Humans began taking the initiative in sea quests, however, as seen with Jason and his Argonauts. He was faithful to the gods and led a crew of heroes across the Mediterranean, Aegean, and Black Seas. Regardless of his initial faithfulness to the gods, those same gods destroyed Jason but turned the Argo into a constellation. That was a testimony to how fickle the gods could be because sea gods were viewed in relation to their seas. Poseidon, for example, was as arbitrary as the enchanted seas and magic islands he ruled. On the contrary, the kinder Ea came from the calmer Persian Gulf to teach men civilization and agriculture whilst the consistently cruel Rán ruled the volatile North Sea. The gods would lose their strength however.

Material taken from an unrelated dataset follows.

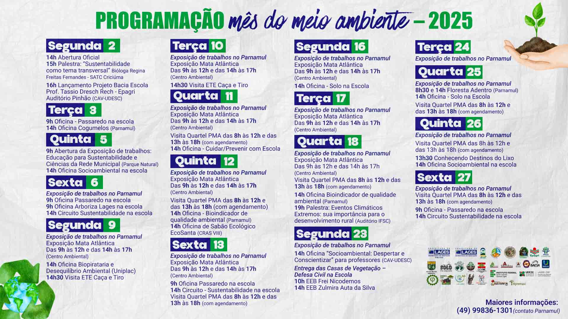 A Secretaria de Serviços Públicos e o Parque Natural Municipal João Jose Teodoro da Costa Neto, promovem junto com seus parceiros, mais de 25 instituições e projetos, uma programação especial alusiva ao Dia Mundial do Meio Ambiente, celebrado no dia 5 de junho. Será um mês de atividades voltadas à conscientização, preservação e educação ambiental, que atenderá toda a comunidade, incluindo crianças e estudantes.

In Christian times, sailors no longer worshipped the sea gods but still lived in fear of the sea's power. For example, ships were still launched on Woden's Day/Wednesday and not, for example, on Thor's Day for fear of storms and thunder. Figureheads replaced the oculi or eyes of Greek Triremes but the function remained the same; keep a lookout for evil. Anointing a ship with wine replaced the pagan custom on smearing ships with animal and even human blood. There were limits as seen with how Christian priests were rarely let on board for fear of angering the old gods.

Lakes and rivers held their powers too in the form of Nixes and Undines. The Japanese told of Urashima and Europeans of selkies and mermaids; daughters of foam-born Aphrodite, they were carved on churches as warning against lust.